Third slashed his way through the remaining humans as they fired desperately at the advancing brute. Third roared in victory, firing blind shots into the ceiling. Out of the corner of Third's eye, he saw Fifth land heavily on his back, the man in blue tower over him. Pathetic! Mother will be ashamed of him...

Third raced on to the aid of Fifth. He was too slow, however, as First stole the prey from him. Third grinned. Mother's finest is back to lead us once more!

The moment of happiness only lasted a moment, however, as the cavern exploded, showering debris throughout the tunnel. Unexplainable emotions suddenly flooded through Third. Emotions he couldn't feel while Mother was still around. Emotions of despair, sadness, and hopelessness overcame him. His body trembled uncontrollably and fell to the ground. Why!? With Mother gone, what's left to fight for? Third squealed loudly, and screamed with despair. His tail thrashed around violently and his Scything Talons batted against the ground. He whined and screamed some more. He rolled and shook all over the cavern floor.

This was it. She's gone. It's all over... What could have prevented it? Had the humans not been able to sneak into Mother's nest, she wouldn't have died! Someone should have been guarding her so that this would never have had to happen! IT'S FIRSTS FAULT! WHY WASN'T HE PROTECTING MOTHER!? HE STRAYED FROM HER WILL! She was calling him for aid, but he disobeyed her; he WANTED her to die, so that HE would regain command of the brood!

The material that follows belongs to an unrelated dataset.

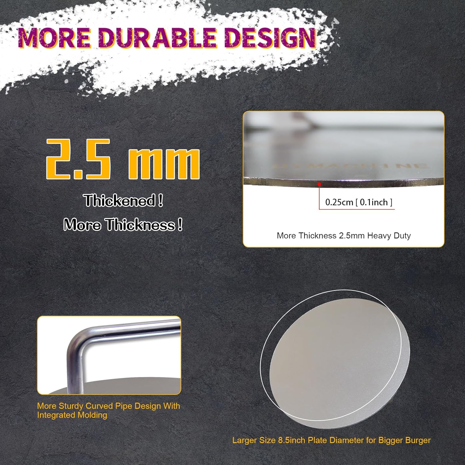 - Specially Designed For Large Meat Patties - DYMACHINE smash burger press made of brushed stainless steel 304 material, integrated bend tube forming, laser welded to the pressure plate in bottom, perfectly combined, extremely sturdy, ensuring worry free cooking time. The diameter of the bent pipe is 20mm, the wall thickness is 1mm, and the thickness of the pressure plate is 2.5mm. The higher thickness makes it easier to shape your meat patty, very practical!

Third shot a glance towards First, his fangs clenched so hard that saliva was pooling from his mouth.


----------



## WarpSpawned (Mar 9, 2010)

Fifth had circled the blue-armoured warrior, and eventually lost his patience, in a blur of activity that ended up with Fifth vulnerable on its back; struggling to rise as it waited for the deathblow.
Why had the others not intervened? It soon found the answer.
_First_
The enemy was felled by First, ending whatever slim chance Fifth had had of proving its worth as Brood Leader, but then that had ended when First had lived instead of perishing from the wounds.

It stood, defiance evident in its whole body posture, prepared to defend itself if First decided to pursue vengeance; Fifth hissed in barely disguised contempt, First was back and was in a better and healthier condition then Fifth, it would not to to strike out now; it would bide its time, but before anything could happen Fifth felt a wave of distress emanatiing from Mother, what was happening?
A shiver of dread made its way up Fifths spine, no! No, no ,no this couldnt happen! But there was nothing any of them could do to stop it.

Fifth was thrown down by the force of the explosion, as if an invisble hand had plucked it fro the ground and hurled it away; it remained lying there too stunned to move, to think coherently.
Mother? Gone, so was the Hive, at least the beginnings of the Hive, all gone, nothing to be done now.

Its mind reeled as Fifth stood slowly, its whole body ached and it couldnt help but replay the last moments of its fight with the blue warrior, despite the fact that Mother was dead, in a way, Fifths mind was trying to avoid the topic of the Primogenators death.

Fifth turned its head, watching as Third appeared to be having a tatntrum, and felt a small impulse of pleasure that the Third-borns ire was directed at First, it could prove useful later if that spark was fanned.
It slowly realized something, with Mother dead, all the Hive links were gone, though the synapse link was, in a wat, still there Fifth was free influence of the Hive that had been emitted by Mother.
The question was, would Fifth strike now, when it wa wounded and shocked to attempt to gain complete control of thet Brood or would it allow First to continue to be the Dominant Predator?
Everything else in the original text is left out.